Start of DATASET EXCERPT

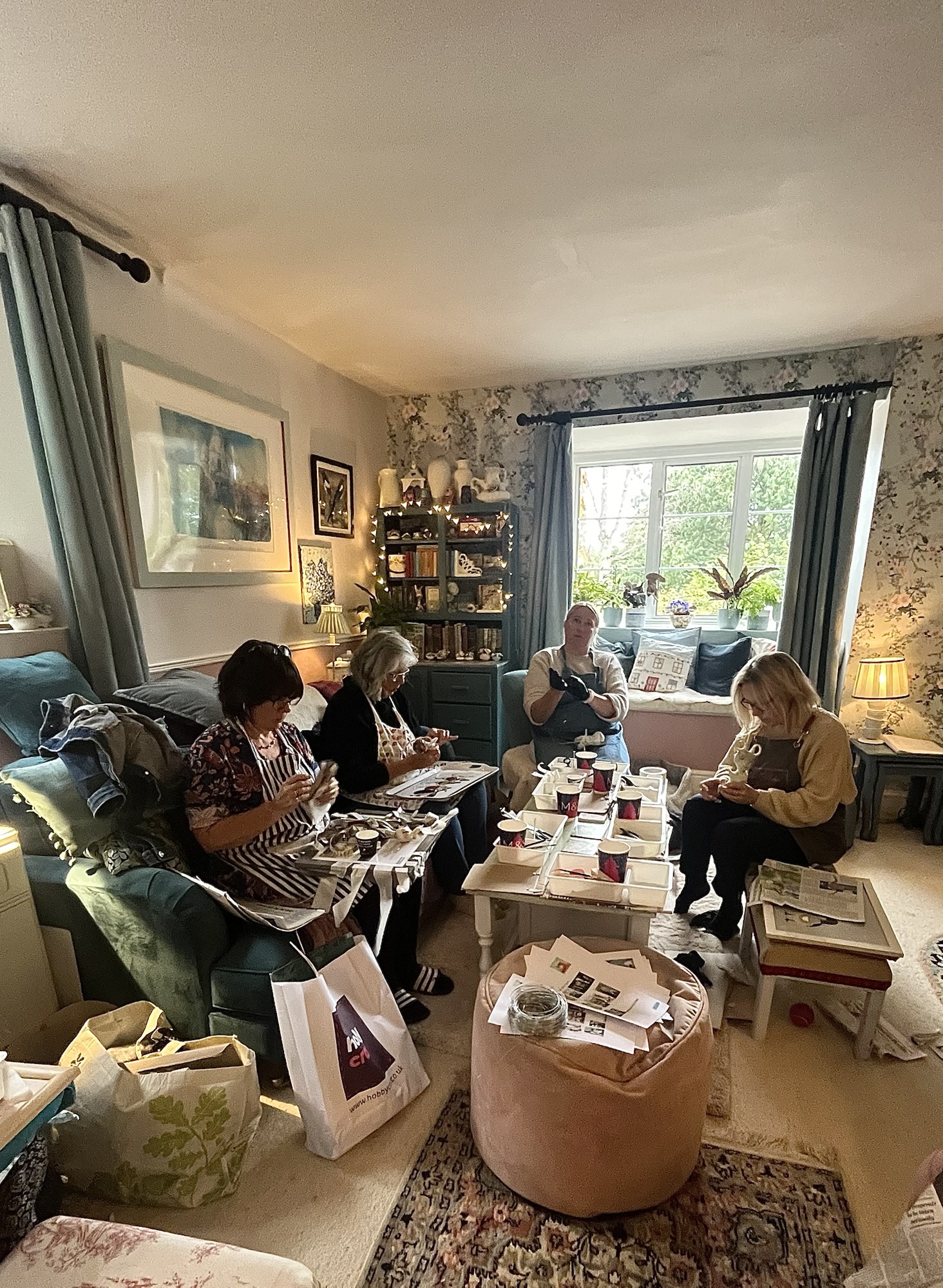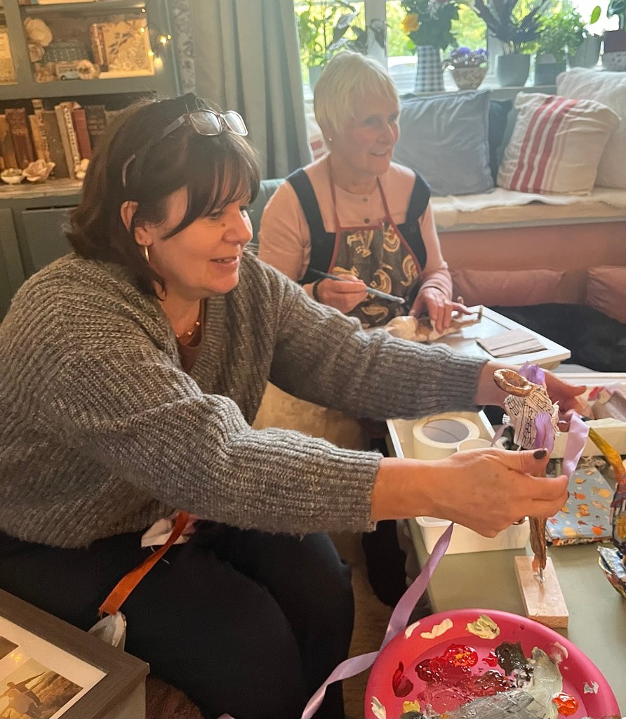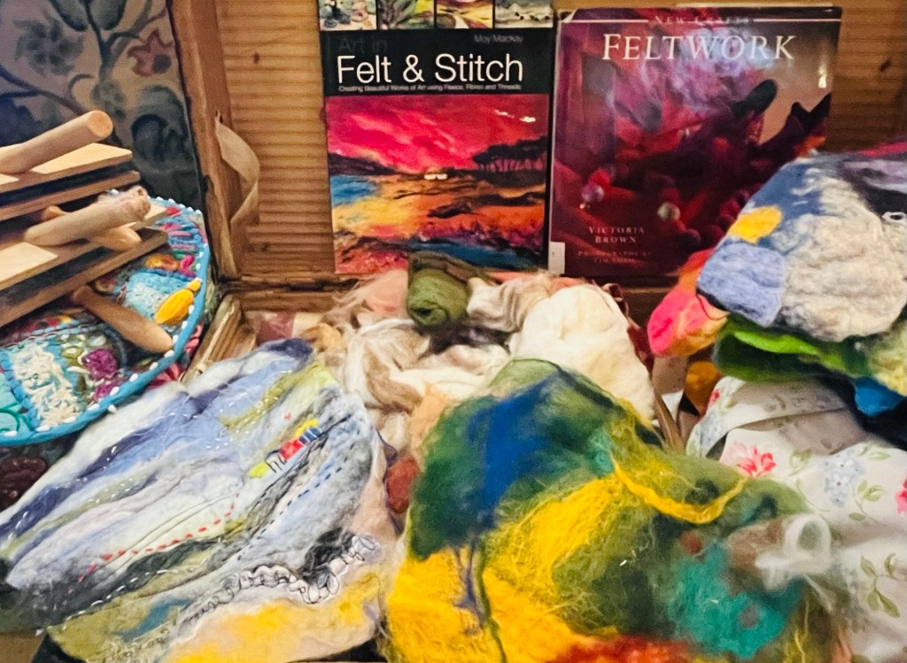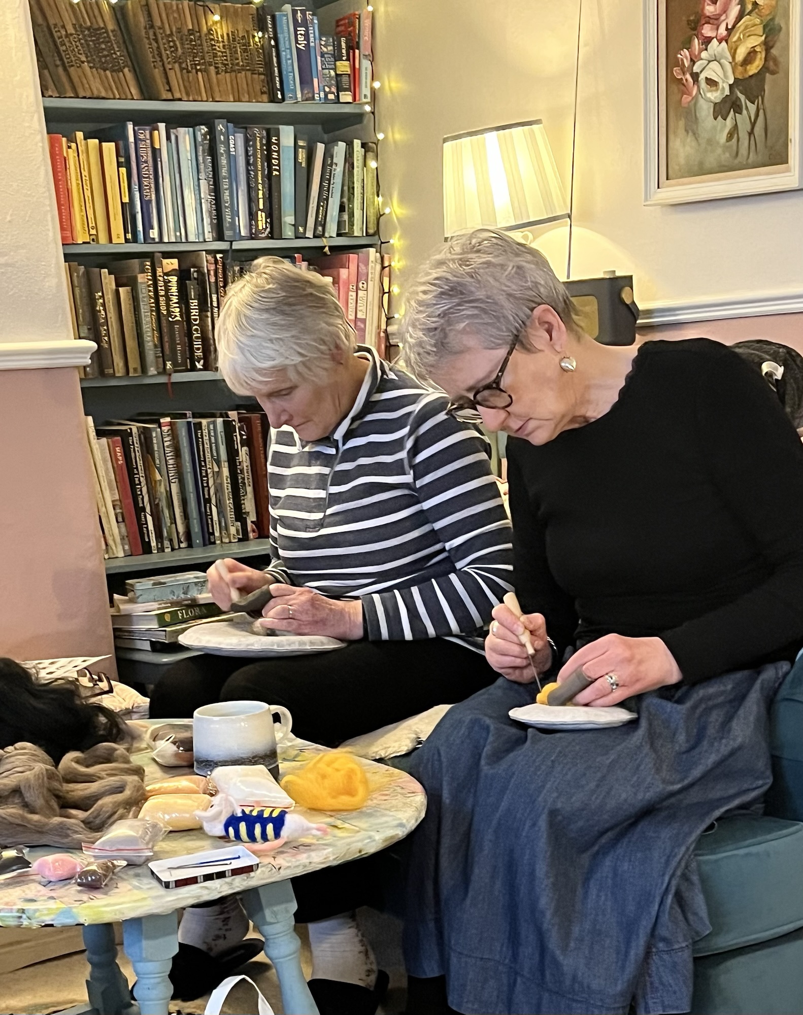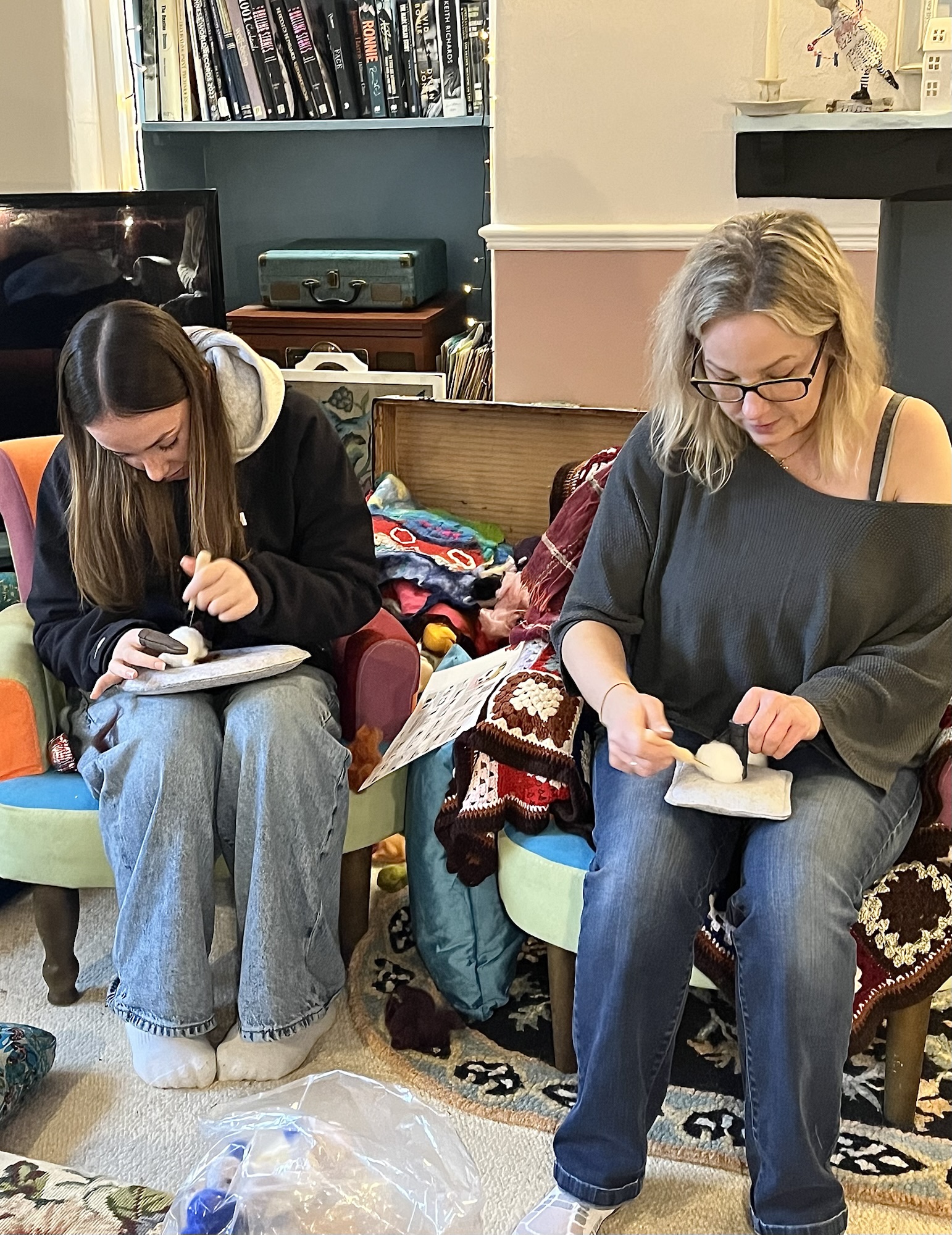The house becomes a classroom, a chance to absorb ideas from each other, catch up on ideas , drink coffee, stitch, felt, make and just chill .
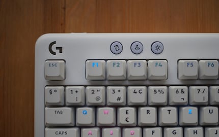 Oben an der Tastatur hat Logitech praktische Knöpfe angebracht: je einen für die Bluetooth-Verbindung, den Spielmodus, welcher Windows- und Menütasten blockiert, und die Helligkeit. Dazwischen gibt’s eine LED-Anzeige, ob Caps Lock aktiviert ist und eine für den Akku.
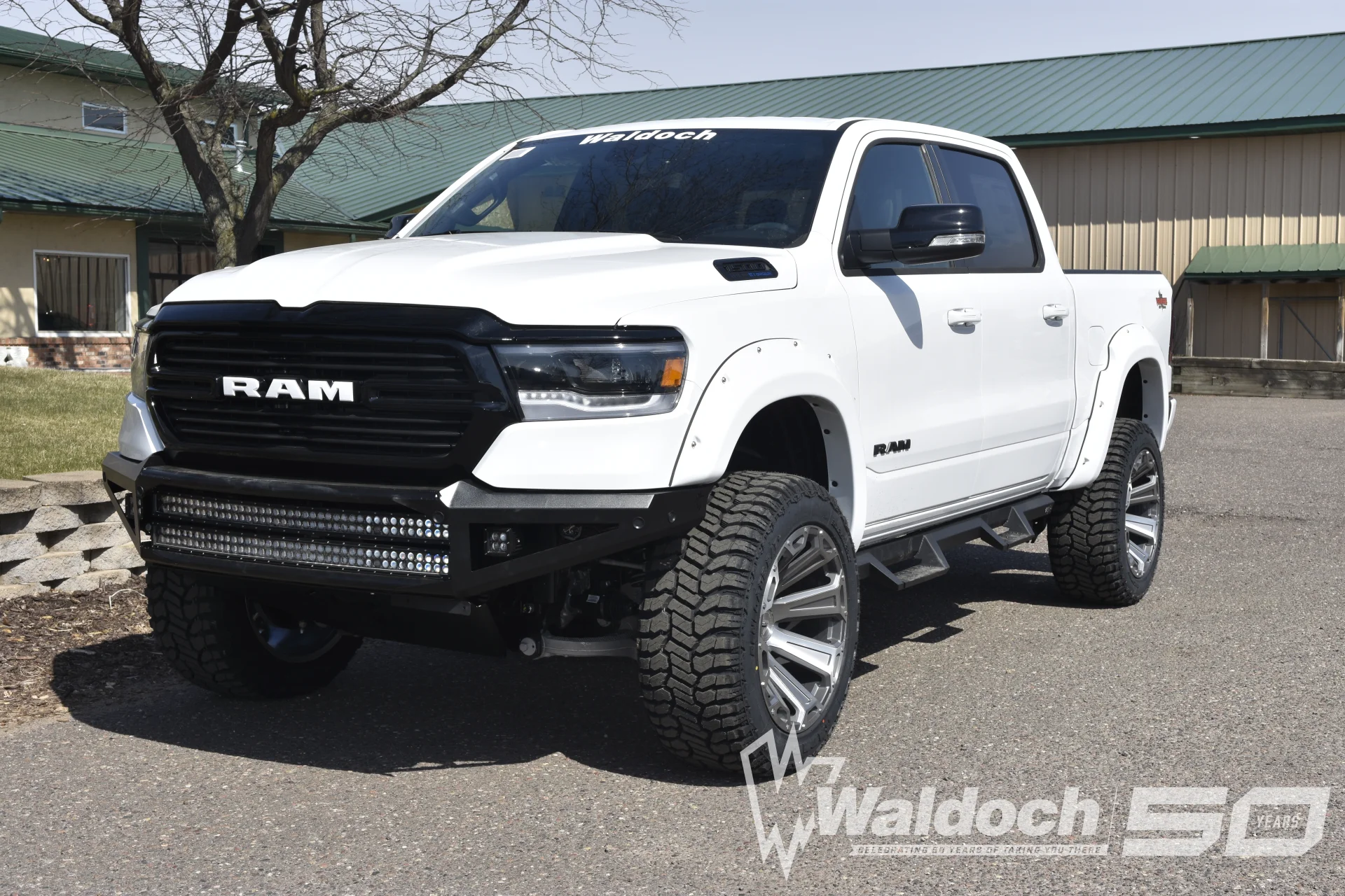Waldoch Branding: The build is rounded out with professional Waldoch branding on the windshield and "Rampage Edition" bed graphics, signifying its status as a specialized, limited-run conversion.

End of DATASET EXCERPT

▶ WORK REQUIRED: Pictures stay out. Write out everything else in the material exactly.

▶ TASK SOLUTION:
The house becomes a classroom, a chance to absorb ideas from each other, catch up on ideas , drink coffee, stitch, felt, make and just chill .
 Oben an der Tastatur hat Logitech praktische Knöpfe angebracht: je einen für die Bluetooth-Verbindung, den Spielmodus, welcher Windows- und Menütasten blockiert, und die Helligkeit. Dazwischen gibt’s eine LED-Anzeige, ob Caps Lock aktiviert ist und eine für den Akku.
Waldoch Branding: The build is rounded out with professional Waldoch branding on the windshield and "Rampage Edition" bed graphics, signifying its status as a specialized, limited-run conversion.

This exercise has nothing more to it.